Morte Antonio Nicastro, il figlio Valerio risponde a Bardi: “Ecco come è andata”

"Quello che ci addolora è la lunga serie di rimpalli e di mancati interventi prima di arrivare al tampone e al ricovero, ed è su quello che ci interessa fare luce"

Riceviamo e pubblichiamo la nota di Valerio Nicastro, figlio di Antonio, deceduto ieri all’ospedale di Potenza dove era stato ricoverato per coronavirus. 

Di seguito le parole di Valerio.

Ho letto ieri, dopo aver appreso la notizia del mio caro papà, la lunga serie di dichiarazioni del Presidente della Regione Basilicata, dell’Azienda Ospedaliera Regionale e dell’Azienda Sanitaria Locale.

Volevo chiarire alcuni aspetti riguardanti queste comunicazioni, ricostruendo alcuni passaggi mancanti, e che non sono stati evidenziati, anche perché probabilmente ancora sconosciuti a chi ha indagato sulla vicenda, che ci riserviamo di ricostruire con maggiori dettagli nei prossimi giorni.

Innanzitutto, dopo che mio padre aveva accusato i primi sintomi il 5 marzo scorso, e dopo che erano stati trattati senza effetto da una prima terapia, in seguito a un primo peggioramento delle sue condizioni di salute ci siamo recati al Pronto Soccorso nella tarda serata del 13 marzo, dopo aver chiamato una prima volta il 118, il quale ci ha indirizzato alla Guardia Medica. Su indicazione della Guardia Medica, ci siamo recati quindi al Pronto Soccorso, con suggerimento di effettuare almeno una radiografia toracica, visto il quadro clinico che persisteva da più di una settimana, di febbre e tosse resistente agli antibiotici. Senza volerci sostituire al lavoro di nessuno, probabilmente però l’esame in oggetto avrebbe forse permesso una diagnosi più precoce della polmonite interstiziale che è stata poi successivamente accertata.

Il Pronto Soccorso, oltre a suggerire ulteriore terapia antibiotica, ci ha indicato di fare riferimento al numero verde regionale in caso di peggioramento dei sintomi. Noi, quando la situazione è peggiorata, abbiamo immediatamente riferito al numero verde. La risposta è stata la seguente: “Questo non è un numero per le emergenze mediche, ma è il numero che serve per registrare il ritorno in Basilicata di chi è stato nelle zone rosse della Lombardia”.
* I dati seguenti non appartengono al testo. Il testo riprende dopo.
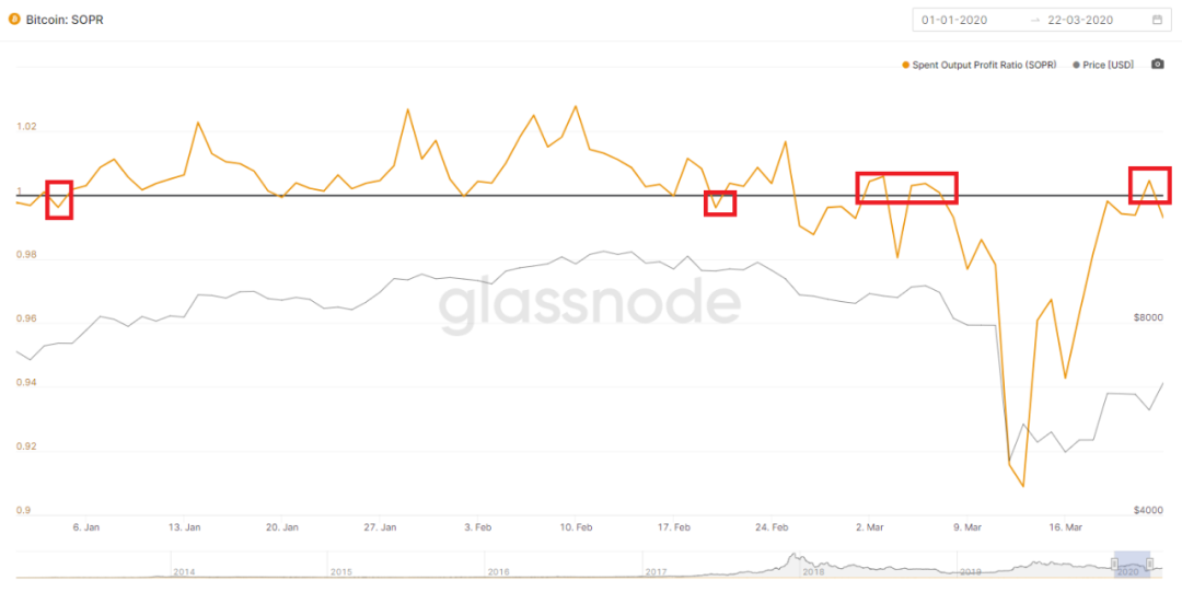 3月12日开启的币价黑天鹅事件中,不少投资者割肉止损,导致比特币全网在那两天呈现出亏损状态,这表现在SOPR指标上,即SOPR数值徘徊在1以下区间。

Arriviamo così alla prima mattinata di domenica 15 marzo scorso. Mio padre, dopo aver fatto le scale interne, ha un leggero mancamento, è pallido, e sembra stia per svenire. Mia madre contatta il 118, e la risposta che riceve, ancora una volta, è che il 118 è un numero di emergenza, e che non avrebbero potuto mandare soccorsi se non nel caso in cui mio padre avesse avuto una crisi respiratoria grave.

Immagino che si possa recuperare la registrazione della telefonata, effettuata nelle prime ore della mattinata di domenica 15, dalla nostra utenza casalinga.

Ci siamo quindi successivamente rivolti nuovamente alla Guardia Medica, la quale in un primo momento si era dichiarata disponibile a visitare mio padre a casa, salvo poi decidere, prudenzialmente, di non intervenire per carenza di DPI. La settimana successiva è trascorsa nel tentativo di ottenere al più presto il tampone, visto che ormai tutti i sintomi sembravano portare alla diagnosi di COVID-19. Il tampone è stato ottenuto, purtroppo, solo dopo denuncia pubblica della situazione e intervento della stampa, facendo quindi nascere la convinzione che sia stato effettuato più per “calmare le acque” che non per effettivo interesse verso la situazione clinica del paziente.

Anche per ottenere il risultato del tampone abbiamo dovuto aspettare quasi 48 ore, dovendo continuare a chiedere notizie direttamente al dottor Bochicchio dell’Azienda Sanitaria Locale di Potenza, e non ricevendo alcuna notizia dai canali “ufficiali”.

Questo è tutto quello che per ora abbiamo da aggiungere, per provare a fornire un quadro quanto più chiaro e completo della situazione. Purtroppo, non abbiamo altri elementi per valutare quanto successo dal momento del ricovero in poi, ma siamo sicuri della professionalità degli operatori e degli interventi messi in campo dopo il momento del ricovero in terapia intensiva.

Quello che ci addolora è la lunga serie di rimpalli e di mancati interventi prima di arrivare al tampone e al ricovero, ed è su quello che ci interessa fare luce, nella speranza che il sacrificio di mio padre possa servire per salvare altre vite nelle prossime settimane.